# [What the task asks]
Skip all pictures. Set down only the lines starting at the line containing "16 мая 2015" and running to the end of the listing.
----- Provided data -----
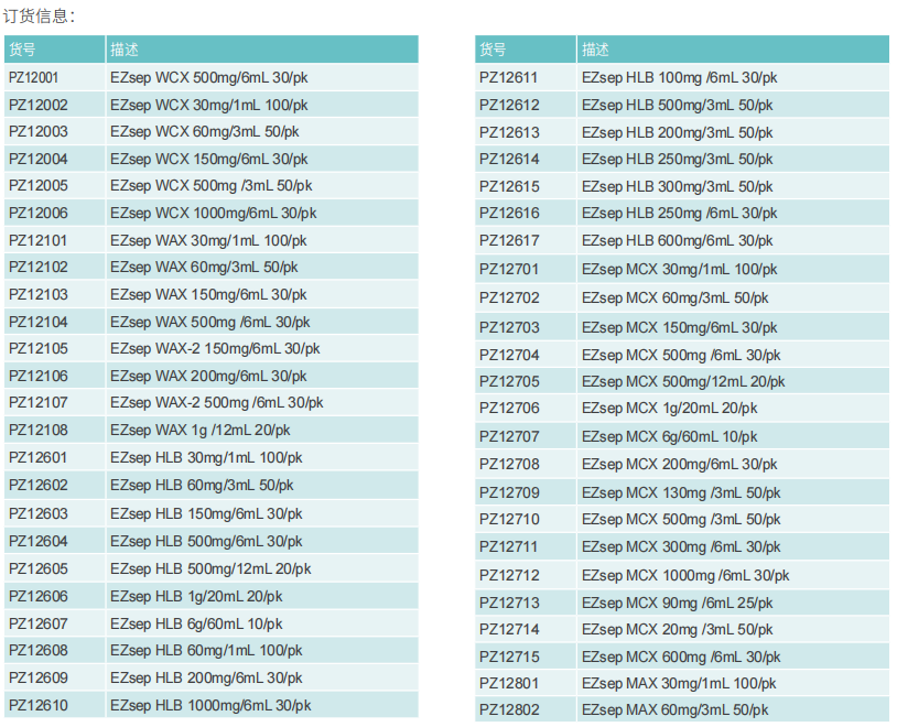 EZsepTM WAX:混合型弱阴离子交换反相吸附剂,由HLB吸附剂键合哌嗪基团得到,兼具弱阴离子交换和反相两种保留模式,适用于pKa值小于1的强酸性化合物,比如含有磺酸、磷酸等基团的化合物。
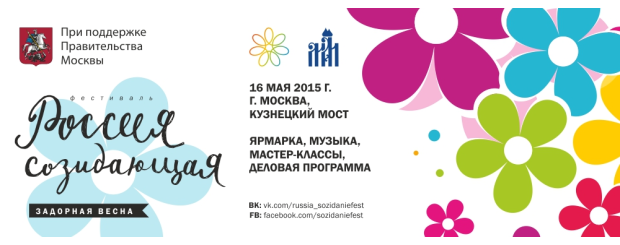 16 мая 2015 года при поддержке Правительства Москвы на Кузнецком мосту состоится фестиваль «Россия созидающая», объединяющий российских производителей, предпринимателей, деятелей культуры, дизайнеров, музыкантов.
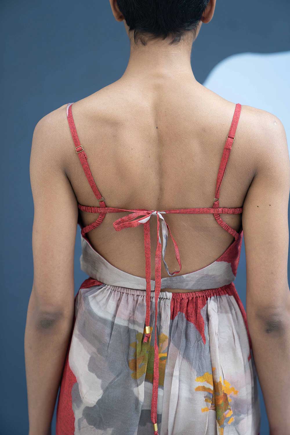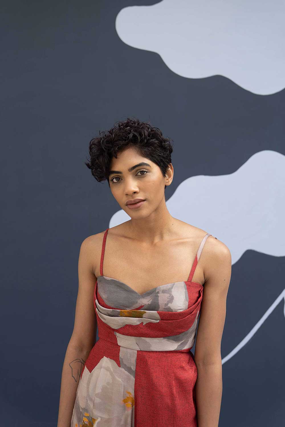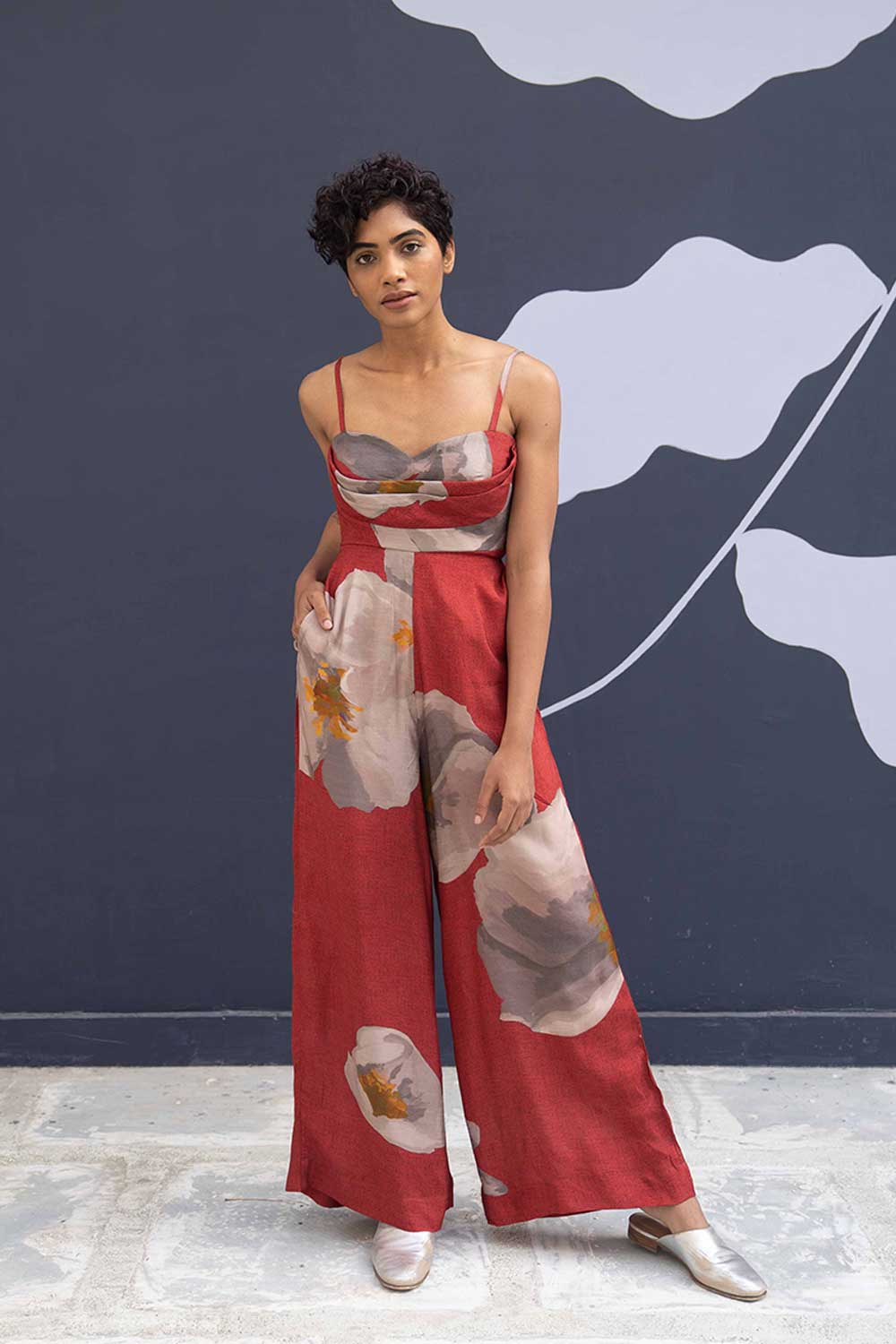 The jumpsuit is crafted in a unique red color with massive white poppies carefully printed on Dora silk.
-----
# [Response area]
 16 мая 2015 года при поддержке Правительства Москвы на Кузнецком мосту состоится фестиваль «Россия созидающая», объединяющий российских производителей, предпринимателей, деятелей культуры, дизайнеров, музыкантов.
 The jumpsuit is crafted in a unique red color with massive white poppies carefully printed on Dora silk.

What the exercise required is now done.